*AIM OF THE EXERCISE:* Nothing but the lines below between the line holding "Fiori, palloncini, candele, una" and the line holding "countryside before sunset", inclusive, should appear in the answer, each set down exactly.

[[ MATERIAL FOR THE TASK open ]]

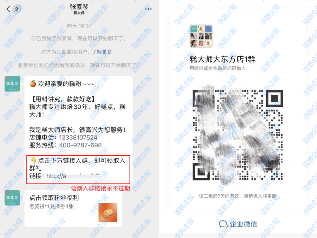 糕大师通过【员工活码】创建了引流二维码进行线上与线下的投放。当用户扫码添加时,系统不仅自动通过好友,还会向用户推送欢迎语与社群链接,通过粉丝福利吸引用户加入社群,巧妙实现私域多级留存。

[[ MATERIAL FOR THE TASK closed ]]
[[ MATERIAL FOR THE TASK open ]]

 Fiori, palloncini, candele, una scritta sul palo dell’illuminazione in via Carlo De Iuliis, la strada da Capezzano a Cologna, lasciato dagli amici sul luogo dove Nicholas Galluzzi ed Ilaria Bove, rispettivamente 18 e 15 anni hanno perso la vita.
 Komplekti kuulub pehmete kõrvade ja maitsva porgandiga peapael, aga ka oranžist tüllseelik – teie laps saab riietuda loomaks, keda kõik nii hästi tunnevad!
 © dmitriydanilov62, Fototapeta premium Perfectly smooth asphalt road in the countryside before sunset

[[ MATERIAL FOR THE TASK closed ]]

*EXERCISE SOLUTION:*
 Fiori, palloncini, candele, una scritta sul palo dell’illuminazione in via Carlo De Iuliis, la strada da Capezzano a Cologna, lasciato dagli amici sul luogo dove Nicholas Galluzzi ed Ilaria Bove, rispettivamente 18 e 15 anni hanno perso la vita.
 Komplekti kuulub pehmete kõrvade ja maitsva porgandiga peapael, aga ka oranžist tüllseelik – teie laps saab riietuda loomaks, keda kõik nii hästi tunnevad!
 © dmitriydanilov62, Fototapeta premium Perfectly smooth asphalt road in the countryside before sunset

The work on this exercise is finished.